Memberi Hak kepada Jalanan
Jalanan juga mempunyai hak-hak untuk kita penuhi. Karena itu, Rasulullah
-Shollallahu alaihi wasallam- berwasiat kepada para sahabatnya ketika seseorang
duduk di pinggir jalan, Waspadalah kalian ketika duduk di jalan-jalan. Para
sahabat berkata, Wahai Rasulullah, kami harus berbicara di jalan-jalan.
Rasulullah -Shallallahu alaihi wa sallam- bersabda, Jika kalian enggan,
kecuali harus duduk, maka berikanlah haknya jalan. Mereka bertanya, Apa
haknya jalan?

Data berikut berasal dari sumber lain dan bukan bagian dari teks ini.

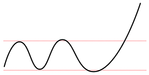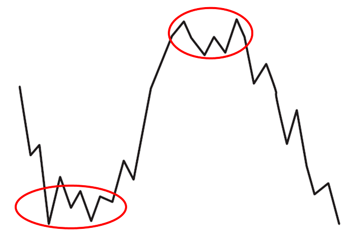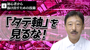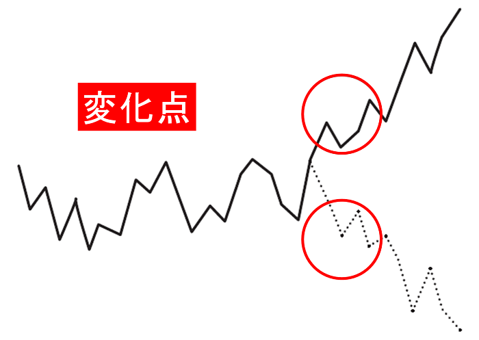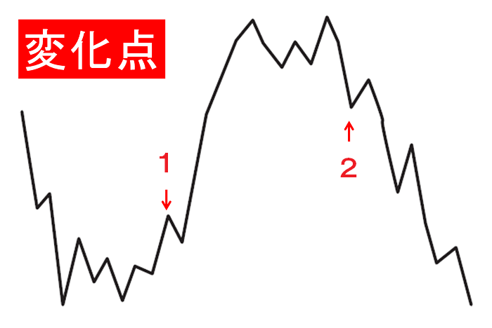 「見るな」なんて否定形、禁止形はよろしくありません。 私たち生身の人間は、素直に聞くことができないのです。 タテ軸とはチャートにおける「価格」です。 つまり「価格を見るな」ということですが、その意味は…… 天底を当てようとするよりも、いわゆる「変化点」を見つけようとするほうがラクですよ! やっと肯定形になりました。 では、話を進めます。 最初に、「チャートとはなにか」という理屈を、簡潔に述べます。 チャートは、2つの要素で成り立っています。 タテ軸の「価格」とヨコ軸の「時間」、この2つで成立する“2次元”の情報です。 損益を決めるのは価格だ──こう考えてしまうので、ついタテ軸の価格を強く意識するのですが、2つの要素を等しく扱うのが正しい、といえます。 こんな理屈を並べずとも、そもそもチャートを見なくても、ヨコ軸の「時間」が重要だと説明できます。 例えば500円で買った株が600円に値上がりしたとします。 これだけを聞けば、成功例だと思うでしょうが、なにげなく想像したとおり数カ月の変化ではなく、この2割値上がりに10年かかっていたら、「えっ、もっといいやり方があったのでは?」と感じるはずです。 やはり、時間は重要です。 では、チャートを観察するときに、「見るな!」と言ったタテ軸に目が向いている状況とは? 下の値動き図をご覧ください。 心理的に、丸で囲んだ安値圏と高値圏に目が向きます。 「ここで買いたい」「ここで売りたい」と、自然に考えるのです。 これが、タテ軸(価格)に目を向けすぎている状態です。 実際は、これら安値圏、高値圏にいる段階では、これから上がる(下がる)ことがわかりません。もちろん、「あそこが安値圏で買い場だった」と完全に確認できるのは、上がって、天井を打って、下がったあとです。でも、動きはじめたときには「トレンドが変わったようだ」と感じ取ることが可能です。 そのタイミングが変化点です。 同じチャートで、その変化点を示すと、下のとおりです。 安値圏にいるときは疑心暗鬼でも、「1」の段階では「上げに転じたようだ」と感じます。 同じように、高値圏で往来しているだけでは、上げ止まっているか否かを強く感じることはできませんが、ズルッときて「2」に至ると、「あっ、下げに転じたっぽいな」と思うでしょう。 これら変化点で、それぞれ買う、売る、つまり一歩遅れで値動きに“ついていく”売買が、実は最も素直な対応です。 でも、安く買ったほうがいいので、変化点「1」に至る前に、少し頑張って、少しリスクを取って仕込むやり方もあります。いわゆる「逆張り」です。 ちなみに、ガンガン下がっている最中に目をつぶって買うのは、逆張りでもなんでもなく、単なるイチかバチかの乱暴な買い方です。 高値圏はどうでしょうか? 変化点「2」の段階で、「相場はおわったか」と買いポジションを売り手仕舞いする、あるいは、それ以降の下げを取るべくカラ売りを仕掛ける──こんなタイミングでいいのです。 もちろん、上げていく勢いのあるうちに手仕舞い売りをスタートし、高値保合のなかで徐々にドテン売り越していく、というカッコいい売買が理想です。 ただ、買いの仕掛けもカラ売りの仕掛けも、見据えるのは「その後の値上がり(値下がり)」です。過去と比べて安くなった(高くなった)ことは関係なく、『ポジションを取ったあと、どう動くか』だけを考えるはずです。 こうして状況を整理すると、変化点「1」で買う、変化点「2」で売る、といった順張りの対応がダメなことではなく、むしろ素直で正しいと納得してもらえると思うのです。 ダメ押しの事例を、追加で示します。 こんどは、「天井」「底」という捉え方ができない値動きです。 途中までは方向感のない上げ下げ、いわゆる「保合」(もちあい)です。 これこそ、「変化点をさぐる」感覚が必要なケースです。 「安く買う」という表現にとらわれると、買い場は限定されてしまいます。 現実の相場のなかで、出動するチャンスを見つけるのが困難です。 例えば、300円の安値にいた銘柄が600円になったとします。 すでに倍化しているのですが、「勢いがある」「今の市況で上がるなら、こういった銘柄だろう」といった分析で、さらなる値上がりを狙う買い出動も“あり”でしょう。 その際、チャートのタテ軸だけでなく、「600円まで上がったが、現在の値運びを見ると上にいくと感じられる」といった観察、つまり、タテ軸とヨコ軸を等しく扱う姿勢だと思います。 あるいは、「保合を上に抜けたら飛び乗ろう」という狙い方もあるでしょう。 まさしく変化点に目を向けた、順張りのエントリーです。 冒頭でも触れたとおり、チャートはたった2つの要素で成立しています。 このうちの1つをおろそかにしたら、バランスがわるくなってしまいます。 タテ軸の「価格」だけでなく、ヨコ軸の「時間」にも目を向けることで、最も大切な『トレンド』を見ます。そうすることによっ

Rasulullah -Shallallahu alaihi wa sallam- bersabda,

(Haknya jalan adalah) menundukkan pandangan, menghilangkan gangguan,


menjawab salam, memerintahkan yang maruf, dan mencegah yang mugkar.
[HR. Al-Bukhoriy (6229), dan Muslim (2121)]
Jadi, haknya jalanan ada 5: menundukkan pandangan dari melihat perkara
haram (seperti melihat kecantikan wanita yang bukan mahram), menghilangkan
gangguan apa saja (misalnya, tidak buang sampah & kotoran di jalan, tidak
menggoda wanita, tidak menyakiti orang lain, dan lainnya); demikian pula
menjawab salam orang yang mengucapkan salam kepada kita dari kalangan
kaum muslimin; memerintahkan yang maruf (misalnya, mengingatkan waktu
sholat, mengajak bersedekah, dan lainnya); mencegah yang mungkar (misalnya,
melarang para pemuda balapan liar, melarang orang bermaksiat di jalan, dll.